Il 911 e i telefoni in SOS
Il capitolo più delicato riguarda, come sempre, le emergenze. Le autorità di New York e Washington hanno diffuso avvisi pubblici: i clienti Verizon avrebbero potuto avere difficoltà a raggiungere il 911, meglio tenere a portata un fisso, il telefono di un vicino con un altro operatore o il text-to-911 dove disponibile. In teoria un telefono in modalità SOS può appoggiarsi alle reti dei concorrenti per le chiamate d’emergenza; in pratica, il messaggio delle contee che invitavano a “trovare un’alternativa” dice molto su quanta fiducia ci sia in quel meccanismo quando la rete di casa annaspa. È la stessa lezione che l’Australia ha pagato a caro prezzo con i blackout del Triple Zero finiti davanti al Senato: la telefonata d’emergenza è l’unico servizio che deve funzionare sempre, ed è esattamente quello che nessun operatore riesce più a garantire da solo.
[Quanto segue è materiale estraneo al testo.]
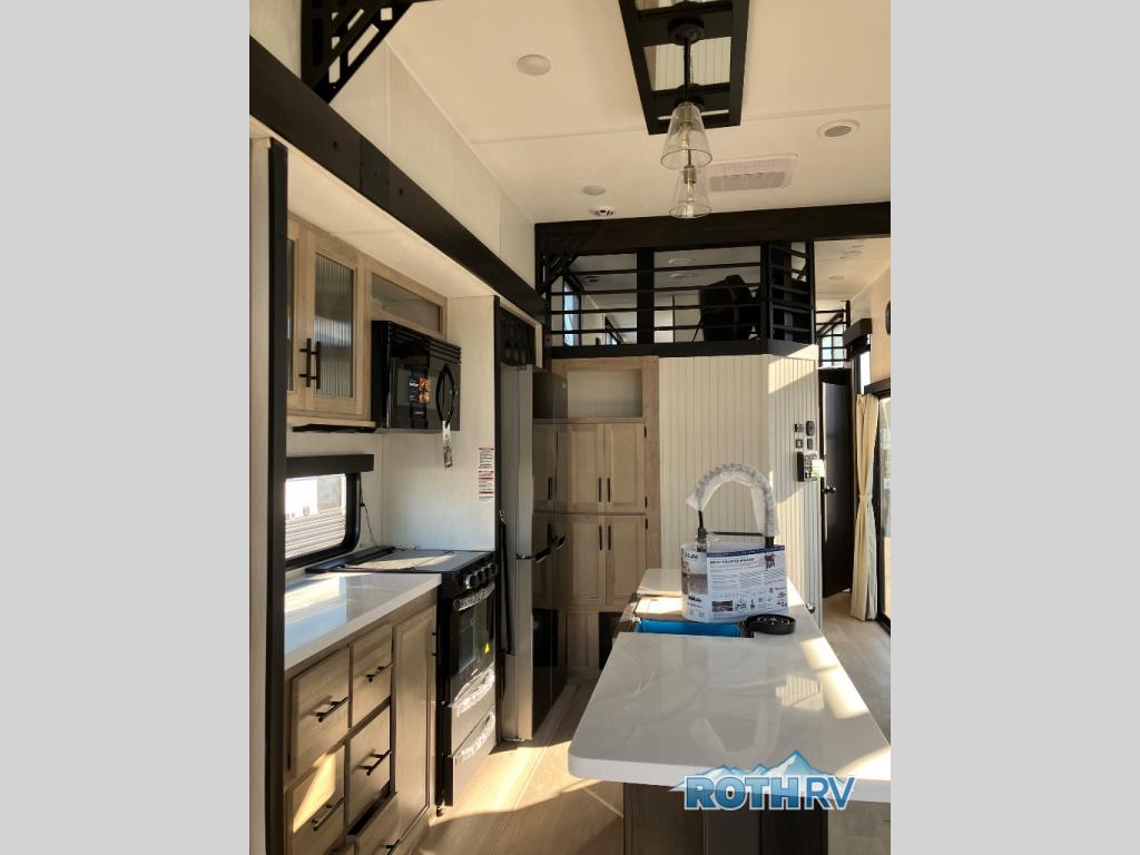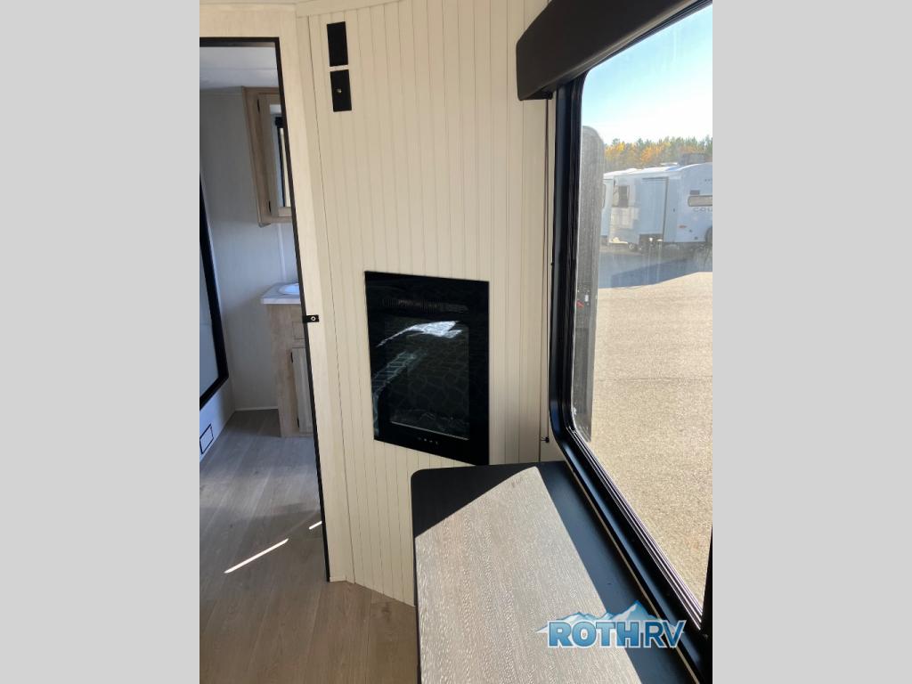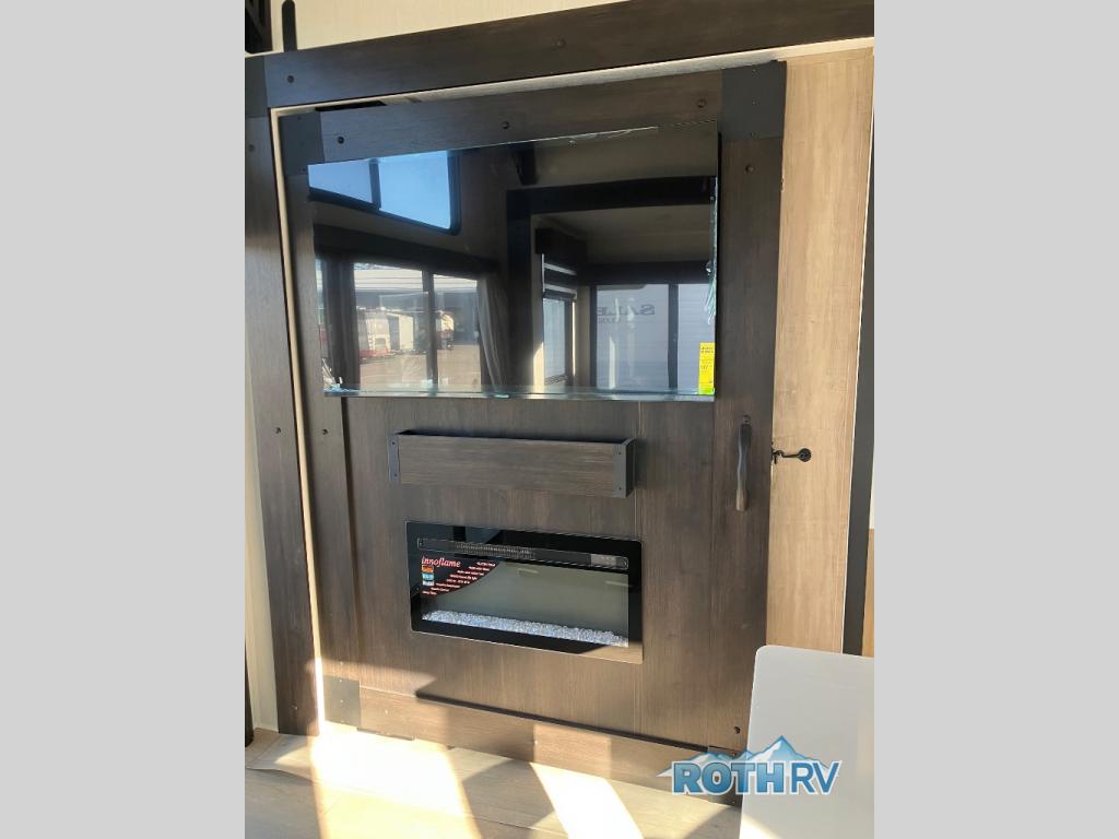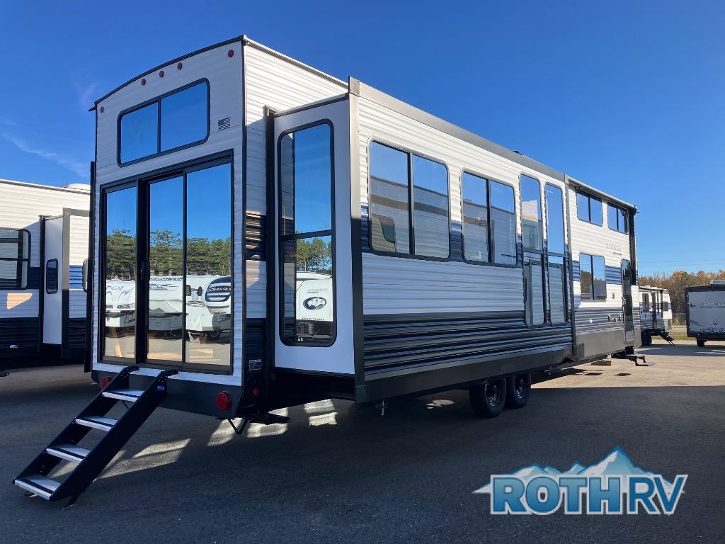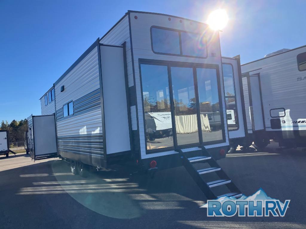 Choosing this destination trailer as your next RV won't be a hard decision! You can enter in through the front bath that includes dual bath sinks, a shower with a seat, and a medicine cabinet for your necessities. The master bedroom is connected to this bath for added convenience, and you're sure to enjoy the bedroom fireplace and king bed slide out. Just outside this room are the stairs that lead to the loft where you'll find two queen-size beds on one side and an open area where the kids can play or to use as storage. A second full bath is found next the stairs on the lower level, and there is a wardrobe with washer/dryer prep if you want to add these appliances. Everyone will love to join together and visit in the combined kitchen and living room. Here, you'll find a free-standing dinette, an L-shaped sofa, a kitchen island with two chairs, plus an entertainment center with a fireplace! The hidden pantry behind the fireplace will let you keep food stocked, and the rear patio doors will let natural light in!

Quando la voce è diventata un’app
C’è poi il dettaglio tecnico che rende questo guasto una piccola lezione di architettura di rete. I clienti restavano agganciati a LTE e 5G, navigavano, messaggiavano su WhatsApp: cadevano solo le telefonate. È la fotografia di cosa è diventata la voce nell’era VoLTE: non più un servizio a sé con i suoi apparati dedicati, ma un’applicazione come le altre, che gira su una piattaforma software centralizzata — il core IMS — sopra la stessa rete dati. Quando quel livello inciampa, la voce sparisce a livello nazionale in un colpo solo, mentre tutto il resto continua a funzionare, rendendo il guasto quasi invisibile ai sistemi che guardano “la rete” nel suo insieme. Non è la prima volta che una singola componente software mette in ginocchio un continente: in Australia bastò un bug legato all’orologio GPS per fermare chiamate, pagamenti e treni.
Il nostro commento
La nostra impressione è che questi episodi vadano ormai letti in serie, non isolatamente: Telstra a luglio, Optus prima ancora, Verizon adesso, e in mezzo i grandi blackout AT&T e Rogers degli anni scorsi. Il copione si ripete identico — un cambiamento software, una piattaforma centralizzata, un servizio critico che cade ovunque simultaneamente — perché la centralizzazione che rende le reti moderne efficienti è la stessa che elimina i compartimenti stagni: il guasto non resta più locale, o non succede o succede dappertutto. E colpisce il tempismo: appena quattro giorni fa raccontavamo l’inchiesta australiana sul roaming nazionale obbligatorio, nata anche dall’idea che quando una rete cade i clienti dovrebbero potersi appoggiare alle altre. Sabato pomeriggio, per tre ore e mezza, i clienti della più grande rete mobile americana avrebbero firmato per averlo. La domanda che i regolatori di mezzo mondo si stanno facendo non è più se serva una rete di scorta per i momenti peggiori, ma chi debba pagarla: e ogni sabato come questo rende la risposta un po’ meno rinviabile.
Fonti: ThePCEnthusiast, TechRadar, Hindustan Times, agenzie Reuters/AP.